Join us for a stunning blend of memoir, theory, and cultural criticism, a new mother examines the intersection between misogyny and motherhood, considering how caregivers can take back their bodies and pass on a language of consent to their children
Motherhood and the culture of misogyny in America are not often explored in tandem. The connection is women’s bodies.
When Amanda Montei became a parent, she struggled with the physicality of caring for children, but even more with the growing lack of autonomy she felt in her personal and professional life. The conditions of modern American parenthood—the lack of paid leave and affordable childcare, the isolation and alienation, the distribution of labor in her home, and the implicit demands of marriage—were not what she had expected.
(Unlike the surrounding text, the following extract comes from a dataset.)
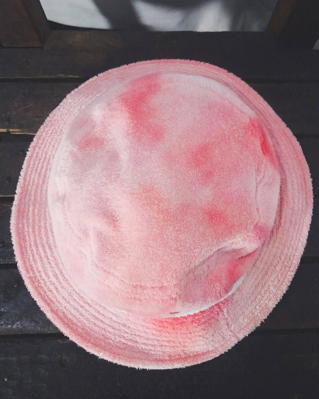 B面も元々は赤色だったと思われ、こちらもブリーチによって淡いピンク系の色合いに変色しています。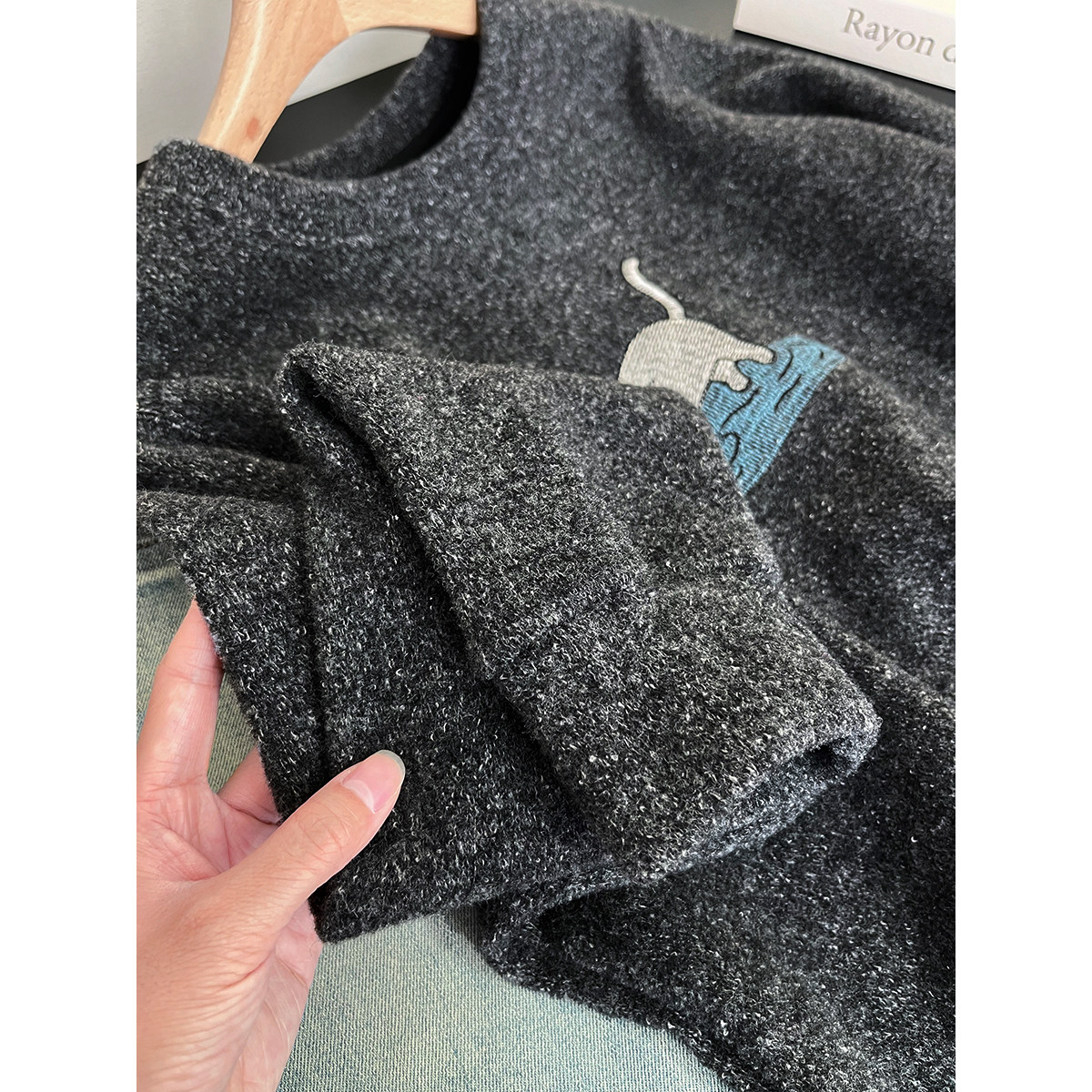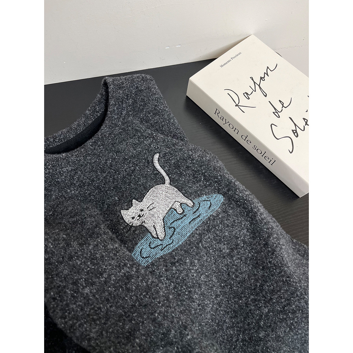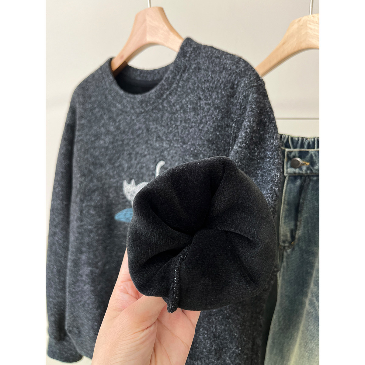 韩版复古刺绣猫咪加绒加厚羊毛卫衣女圆领宽松套头显瘦保暖上衣

After #MeToo, however, she began to see a connection between how women were feeling in motherhood and the larger culture of assault in which she had grown up. In American society, women are expected to prioritize their children, often by pushing their bodies to the limit and ignoring their own desires and needs. As she struggled to adjust to the new demands on her body, this stirred memories of being used, violated, and seen by men. She had the desperate urge to finally say no, though she didn’t know how, or to whom she might say it.
Written with the intellectual and emotional precision of writers like Roxane Gay and Leslie Jamison, and drawing on classic feminist thinkers such as bell hooks, Silvia Federici, and Adrienne Rich, as well as on popular culture from The Bachelor to Look Who’s Talking, Montei draws connections between caregiving, consent, reproductive control, and the sacrifices women are expected to make throughout their lives. Exploring the stories we tell about psychology, childbirth, sexuality, the family, the overwhelm mothers feel trying to be “good,” and the tender bonds that form between parent and child, Touched Out delivers a powerful critique of American rape culture and its continuation in the institution of motherhood, and considers what it really means to care in America.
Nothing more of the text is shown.